By Boitumelo Nte, Journalism & Media Studies student
In its closing event for the year, Rhodes University’s Office of Equity and Institutional Culture, together with Department of Political and International Relations, held ‘The Trial of Caster Semenya’ seminar at Eden Grove.
The Semenya seminar was contextualised on the backdrop of elite athlete Caster Semenya’s battle with the International Association of Athletics Federations’ (IAAF) rules on lowering testosterone levels in female athletes. The latest on this including the Court of Arbitration for Sport’s (CAS) ruling against Semenya’s IAAF discrimination case.
The seminar sought to highlight Rhodes University’s commitment to promoting gender awareness and gender equity, including LGBTQI++ issues within the context of the University's Equity Policy and transformation initiatives, which are overseen by, among others, the Equity and Institutional Culture Office.
Director of Equity & Institutional Culture Noluxolo Nhlapho introduced the panel, which included Professor Steve Cornelius of the University of Pretoria and former member of the IAAF Disciplinary Tribunal, who notably resigned from the body in protest over the testosterone rules in mid-2018.
Prof Cornelius spoke about the intricacies of Semenya’s case, as well as the case of Burundian athlete Francine Niyonsaba, a close rival of Semenya’s in the 800-metre races at the 2016 Olympics and the 2017 IAAF World Championships. Niyonsaba was flown to Europe, tested, medicated, and when the treatment didn’t work, she was sequestered to a camp in Kenya. “Surely this sort of thing should be considered a crime against humanity?” he declared.
Niyonsaba revealed earlier this year that she has hyperandrogenism – a condition that results in high levels of naturally-occurring testosterone in the female body –and this added voice to Semenya’s discrimination case against the IAAF. Prof Cornelius reminded the audience that Semanya’s case continues at the Switzerland Supreme Court, which has issued a short-term suspension on the IAAF’s rules to regulate excessive testosterone levels in female athletes.

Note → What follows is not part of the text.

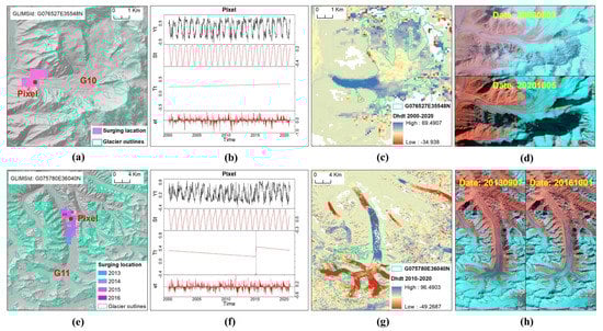 Examples of surging at fully debris-covered glacier tongues. The GLIMS IDs for G10 and G11 are G076527E35548N and G075780E36040N, respectively. See Figure 1 for the locations of the two glaciers. (a,e) The surging locations and years of surge initiation; (b,f) the decomposed components of the NDSI time series at the surge-affected pixel (red dots in (a,e)); (c,g) the elevation changes of glaciers G10 and G11; (d,h) the corresponding false-color composites (band 6—SWIR1, 5—NIR, 4—Red as RGB) of the Landsat imagery before and after surging.

Also speaking as well on the panel was Babalwa Mtshawu, intersex activist and PhD candidate at the University of the Free State. Mtshawu said that Semenya’s case specifically resonated with her as it speaks of a black female from a previously-disadvantaged background, who could not have initially understood gender distinctions like intersex, and was therefore not prepared for the magnitude of the gender war she was to face.
“For me, this case has been way bigger than what it is for other people. I look at Caster Semenya as the girl from a disadvantaged background, fighting against the world’s governing [sports] body all by herself. Fighting issues of gender politics, human biology, athletes’ rights, and racism all packaged together. It is a lot to deal with for one person,” she said.

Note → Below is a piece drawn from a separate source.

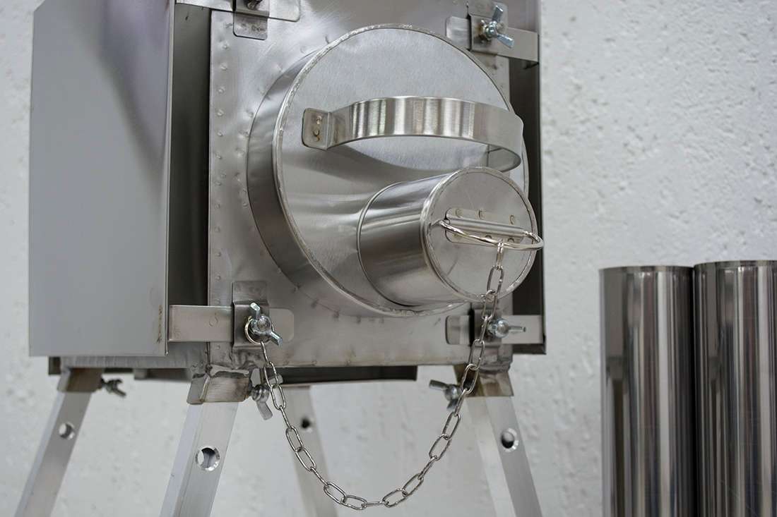 В передней части мини печки Экономка расположена топочная дверца со «стаканом» для регулировки подачи кислорода. Топочная дверца имеет съемную конструкцию без стационарных креплений, таким образом, вероятность поломки сведена к минимуму.

According to Mtshawu, the IAAF’s Eligibility Regulations for Athletes with Differences of Sexual Development (DSD) are exclusionary, as they only categorise ‘intersex’ into five groups. For instance, Complete Androgen Insensitivity Syndrome (CAIS) is not included in the IAAF’s regulations. CAIS is a condition where a person is genetically male, but possesses the physical traits of a woman.
The last of the three-member panel was Shingi Mtero of Rhodes University’s Political and International Studies Department. Mtero, a lecturer and researcher in topics including African Feminisms, entitled her speech ‘Caster Contesting Constructed Identities’, challenging the hegemony of constructed sexual identities.
“When we discuss who should be included in a ‘category’ depending on whether they are male or female, man or woman; we should also discuss the ways in which these identities were constructed – out of particular histories, and particular contexts. And that these [categories] were universalised in a way which has created meaning for everybody. But in reality, not everybody was included in creating that meaning,” she said.
Mtero argued that Semenya embodies disruption and contests gender segregation in sport, prompting us to question whether this separation “is still fit for purpose”.
In conclusion, Mtero, in reference to Mtshawu’s point on the DSD regulations, said: “It defies all logic to exclude people on tests that cannot be replicated, and tests that cannot definitively tell whether a person is a woman or man. If the international sports mandate is to display the best athletes in the world, we cannot exclude people simply because we cannot ‘fit’ them within the gender binary. Rather, we should expand these categories to allow the best athletes to continue to compete.”